= Munich kitchen =

1920s fitted kitchen concept

The Munich kitchen (Münchener Küche) is a 1920s kitchen designed by the home economist Erna Meyer and the architects Hanna Löw and Walther Schmidt. It was designed for the municipal dwellings of the Bavarian Post Office and first presented at the Heim und Technik exhibition in Munich in 1928.

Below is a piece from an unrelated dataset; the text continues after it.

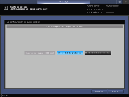 Pulse Configuración sistema en la pantalla Menú Configuración administrador máquina y, a continuación, pulse Ajuste avanzado, Ajuste de calidad y Aj. compr. imagen control. de forma consecutiva.

The Munich Kitchen was developed in response to widespread criticism of earlier models such as the Frankfurt and Stuttgart kitchens, which did not allow for children to be minded while cooking. Designed with user comfort and family dynamics in mind, it featured a much-reduced square layout of 6 sqm for cooking, separated from the living space by a glass wall. This transparent partition allowed mothers to keep an eye on their children in the adjacent room while blocking the spread of odors. Compared to the narrow rectangular form of the Frankfurt kitchen, the square configuration was seen as an improvement. All components were arranged as a single unit along one wall. It also introduced adjustable shelving inside cabinets and a freestanding sink that enabled seated work.

Unlike the enclosed layout of the Frankfurt kitchen or the Stuttgart model's serving hatch, the Munich design used a movable glass wall to connect the kitchen and living area. This allowed for a clear view between the two spaces—enabling the person cooking to keep an eye on children in the dining room, while making kitchen activities visible from the adjoining space. Although the Munich kitchen reflected a conceptual shift, incorporating features closer to a traditional live-in kitchen, it still belonged to the lineage of functionalist modernist kitchens. Like its predecessors, it was shaped by the same core principles of efficiency and rationalization. What distinguished it was its effort to present these ideas in a more accessible, softened form—a "light version" of the functional work kitchen, intended to appeal to a wider audience.